(Data extracted from a collection)
※

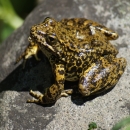A Sierra Nevada yellow-legged frog suns itself on a rock
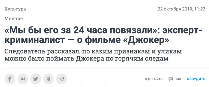 Один из главных мемов дня – история про Джокера и новосибирского следователя. Сотрудник полиции заявил, что в фильме про поехавшего комика Артура Флека есть множество ляпов и что в реальном мире клоуна с пистолетом быстро бы поймали.
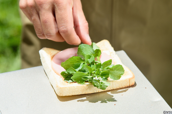 クレソンと、パン・マーガリン・ハム・マヨネーズだけで作る簡単なサンド。
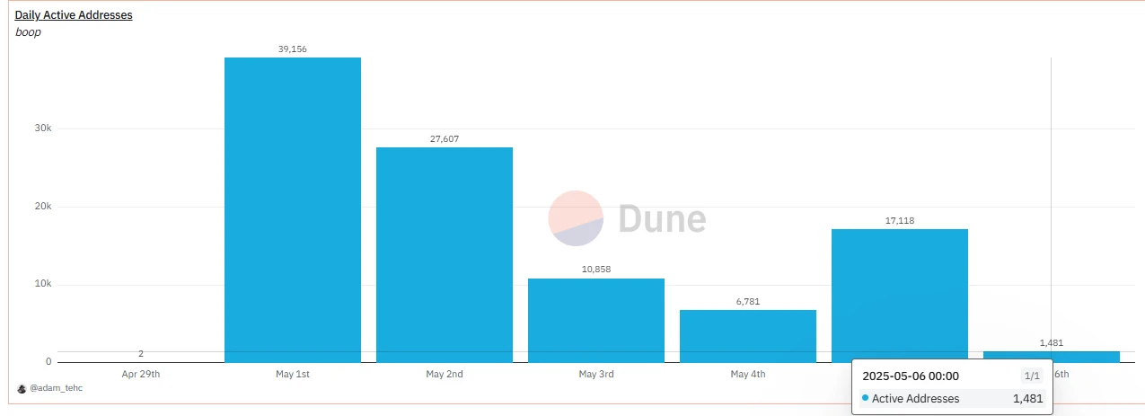 Dune 上关于 Boop.fun 的 数据面板 显示,平台上线的 5 天内,每日发射的代币呈现明显的下滑趋势;截止发稿前一天,Boop 上日发射代币已从开局的 1 万个滑落到 1-2000 个,同时活跃地址数也出现了每日递减式的下滑。
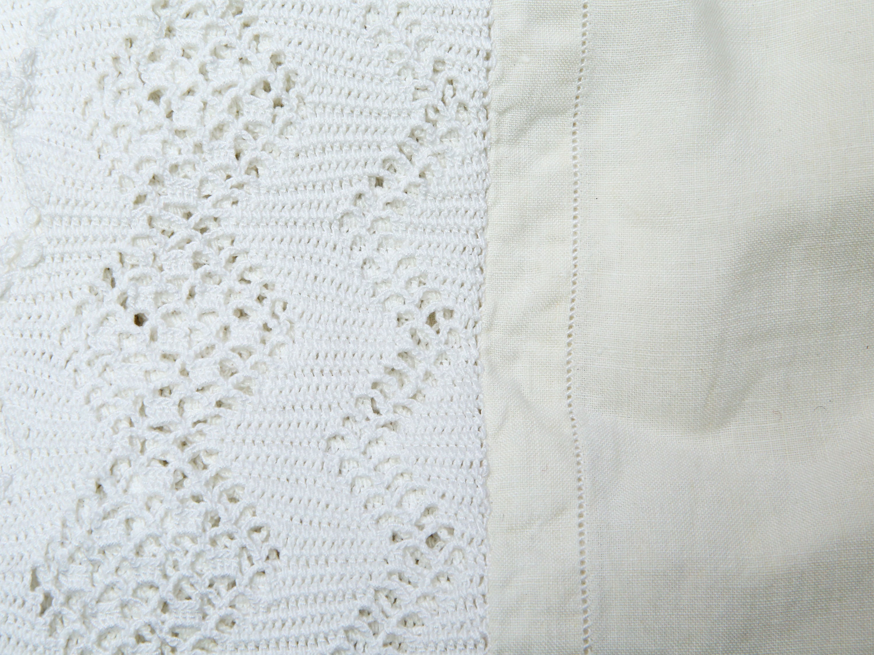 seconda metà del XX secolo inserti a filet in cotone e sfilature a giorno, corredata da 12 tovaglioli, lievi macchie

※

Wherever an image appears, omit it; copy the rest of the records exactly.

A Sierra Nevada yellow-legged frog suns itself on a rock
 Один из главных мемов дня – история про Джокера и новосибирского следователя. Сотрудник полиции заявил, что в фильме про поехавшего комика Артура Флека есть множество ляпов и что в реальном мире клоуна с пистолетом быстро бы поймали.
 クレソンと、パン・マーガリン・ハム・マヨネーズだけで作る簡単なサンド。
 Dune 上关于 Boop.fun 的 数据面板 显示,平台上线的 5 天内,每日发射的代币呈现明显的下滑趋势;截止发稿前一天,Boop 上日发射代币已从开局的 1 万个滑落到 1-2000 个,同时活跃地址数也出现了每日递减式的下滑。
 seconda metà del XX secolo inserti a filet in cotone e sfilature a giorno, corredata da 12 tovaglioli, lievi macchie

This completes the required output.